May 23, 2014 2:03 AM by Sam Salzwedel

Sex offender stops volunteering with team after parent's research

TUCSON - A man is no longer helping a youth soccer team after a parent figured out he is a convicted sex offender.

Milissa Bell researched the sex offender, who is in his 40s, after she read text messages between her 12-year-old daughter and him. When she searched the man's name, the first link was his prison record.

He wanted to take the girl on a fishing trip. In one message he wrote, "A woman that is funny, outgoing, smart and self confident are rare and if a guy cant handle it he isn't worth the time. You are all of those things. You just don't seem to hear it enough. You are awesome," according to screenshots Bell provided.

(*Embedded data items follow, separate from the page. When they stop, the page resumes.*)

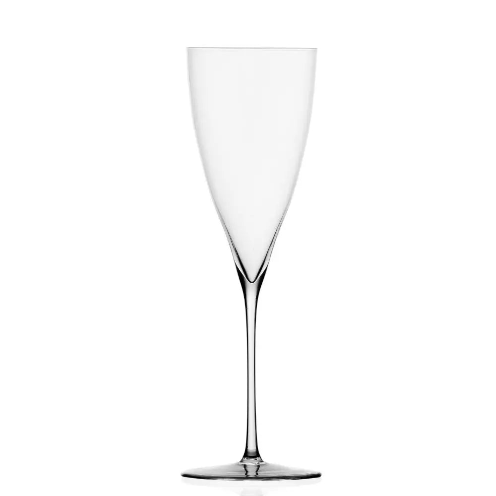 Die Ichendorf Solisti flute smooth hebt den Service von Schaumwein auf ein Niveau kristalliner Essenzialität. Entworfen von Marco Sironi, verkörpert dieses 28 cl mundgeblasene Flötenglas die Solisti-Philosophie: Jedes Glas ist um die Persönlichkeit eines einzelnen Künstlers geformt. Hier ist der Künstler das Perlage selbst. Die hohe, schlanke Kelchform verlängert den Aufstieg der Bläschen und zeigt jede Nuance von Prosecco, Champagner, Franciacorta oder modernen Schaumweinmischungen. Die Silhouette ist bewusst klar und ununterbrochen, sodass das Licht frei durch das Glas wandern kann und das Getränk wie in einer Säule aus Klarheit schwebend erscheint.
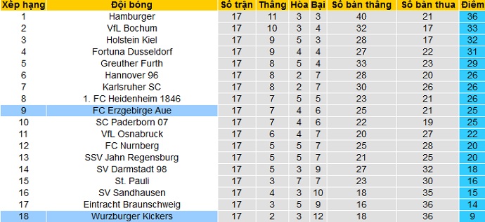 Sau giai đoạn lượt đi tại giải hạng nhì Đức, Erzgebirge Aue chỉ đang đứng thứ 9 trên bảng xếp hạng với 25 điểm sau đúng 17 vòng đấu. Hiện giờ đội bóng đang hơn nhóm các đội cầm đèn đỏ tới 10 điểm, nhưng cũng kém các đội Top 3 có suất thăng hạng tới 7 điểm.
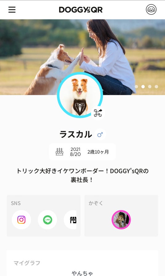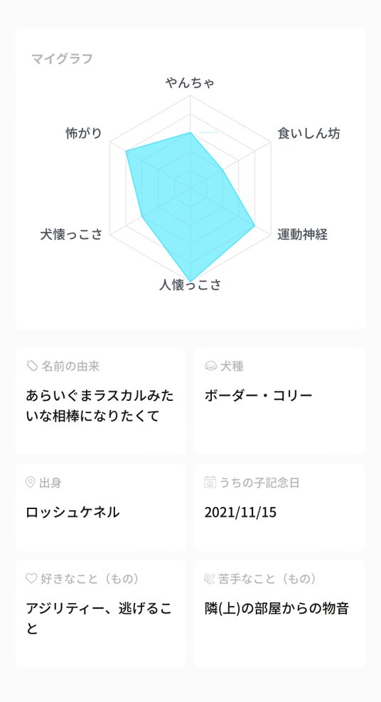 プロフィールページには様々な愛犬の情報を登録でき、飼い主が自由に設定することができます。
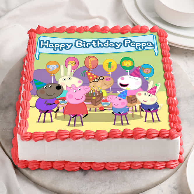 Bring joy to the celebration with our Peppa Pig cake. Featuring Peppa and friends, rich chocolate frosting, and elegant marble-patterned sides, this c... Read more
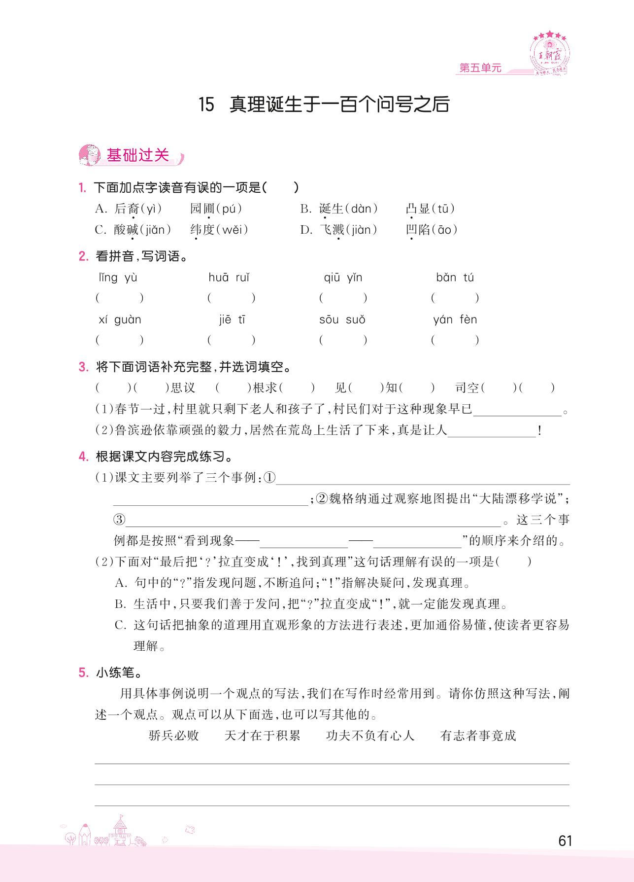 2022下册六年级语文人教版 第五单元——15 真理诞生于一百个问号之后_R220122110128643
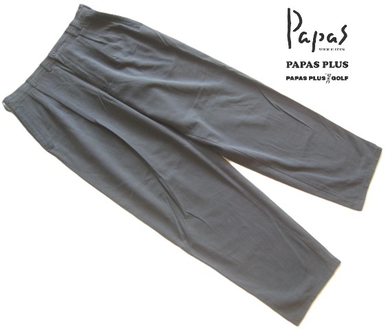- 極上日本製!!パパス Papas*ロゴタグ付き ドローコード入り 2プリーツ ゆったりコットンキュプラパンツ M 濃灰 ダークグレー Papas+ プラス
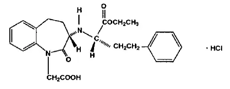 Hydrochlorid benazepril je bílý až bělavý krystalický prášek rozpustný (> 100 mg/ml) ve vodě ve ethanolu a methanolu. Chemické název hydrochloridu benazepril je 3-[[1- (ethoxycarbonyl) -3-fenyl- (1S) -propyl] amino] -2345-tetrahydro-2-oxo-1H-1- (3S) -Benzaz epine-1-octor monohydrochlorid; jeho strukturální vzorec je
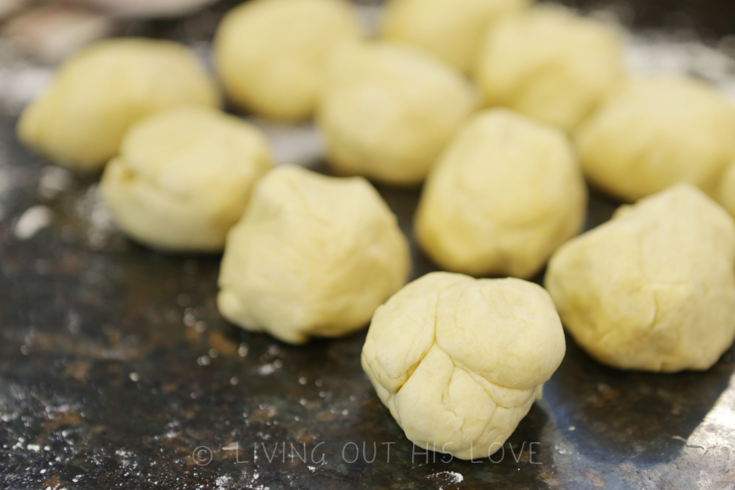 - Cut off 12 equal dough pieces, approximately 2 ounces each (I use this kitchen scale), and roll into balls. Let sit, covered, for at least 30 minutes to make the dough more workable.
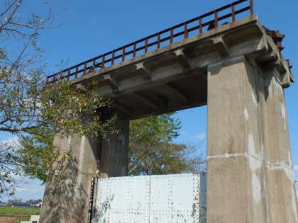 昭和の堰は,中之島にその一部が残されています。【写真下】

"My heart just dropped down to the floor," she said. "I wish that I would have done a little bit more research when my instinct first kicked in about him."

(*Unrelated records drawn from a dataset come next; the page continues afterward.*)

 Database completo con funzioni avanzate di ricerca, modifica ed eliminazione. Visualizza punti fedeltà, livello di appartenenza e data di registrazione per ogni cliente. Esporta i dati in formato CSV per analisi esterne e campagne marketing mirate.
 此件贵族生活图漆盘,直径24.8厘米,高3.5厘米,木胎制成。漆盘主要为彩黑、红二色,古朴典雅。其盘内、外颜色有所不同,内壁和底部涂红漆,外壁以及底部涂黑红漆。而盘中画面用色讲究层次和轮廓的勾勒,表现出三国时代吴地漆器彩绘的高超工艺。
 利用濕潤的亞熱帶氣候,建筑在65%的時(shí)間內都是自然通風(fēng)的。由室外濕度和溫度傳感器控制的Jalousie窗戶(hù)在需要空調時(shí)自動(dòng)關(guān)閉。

Bell called Tucson Police. An officer was at her home within a few minutes.

"It's not something we take lightly," Tucson Police Sgt. Chris Widmer said. "So in this case, this isn't something that we're blowing off. It's something that doesn't meet the criteria for criminal activity."

Because of the lack of new charges, News 4 Tucson chose not to reveal the man's name.

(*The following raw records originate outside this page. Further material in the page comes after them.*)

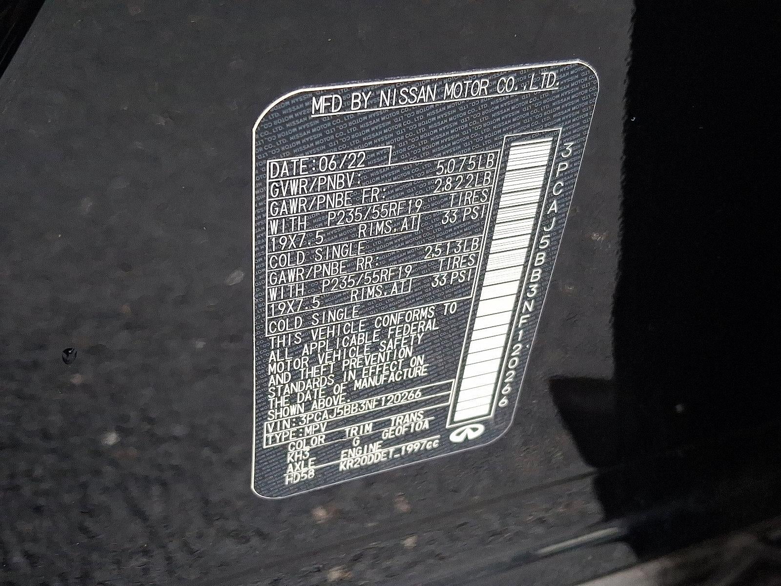 Certified. 2022 INFINITI QX50 LUXE AWD I4 CARFAX One-Owner.
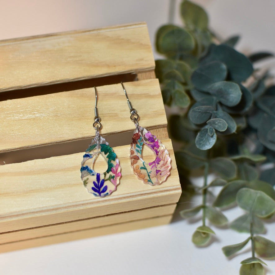 Jewel-toned flowers adorn this acrylic to make some gorgeous earrings.
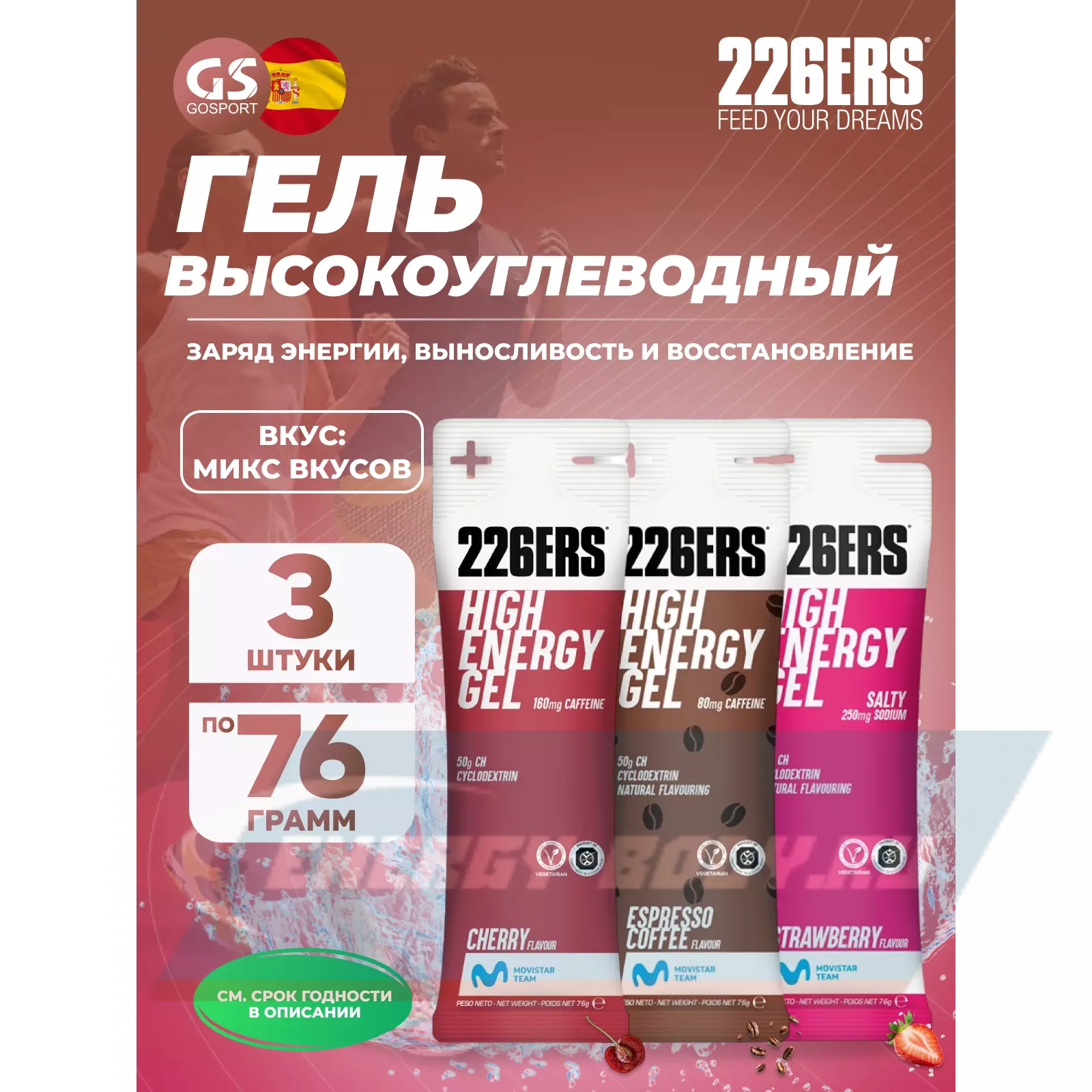 226ERS High Energy Gel + sodium 250 mg 3 x 76 г, Микс №5 — Заряд энергии, выносливость и восстановление

Bell was upset he was so involved in the team and had so much access to her daughter.

"He shouldn't have been there in the first place," she said. "So I hope this makes them change their policy. Maybe check who they do have working for them underneath their league. And that in the future, they will be more diligent."

USA Youth Sports President, Ed Payan, declined an interview request. In an email, he wrote the man was not officially a coach or volunteer. He was the godfather of a child on the team. In a phone conversation, he said the league will re-evaluate policies to try to prevent something like this from happening again.

The man went to prison for Sexual Abuse and Molestation of a Child, according to public records. He is a registered level-1 sex offender, the least dangerous level, according to the Arizona Department of Public Safety. His name does not appear on the DPS sex offender web site, because he is level 1.

Bell said she constantly checks her daughter's phone, and the girl is not allowed to use it after 8:30 p.m.

"Be aware of who your kids are talking to. If they have a cell phone, check it. It doesn't matter if they get upset," Bell said. "12-year-olds don't really know as much as they like to think they know, so you have to keep on top of it."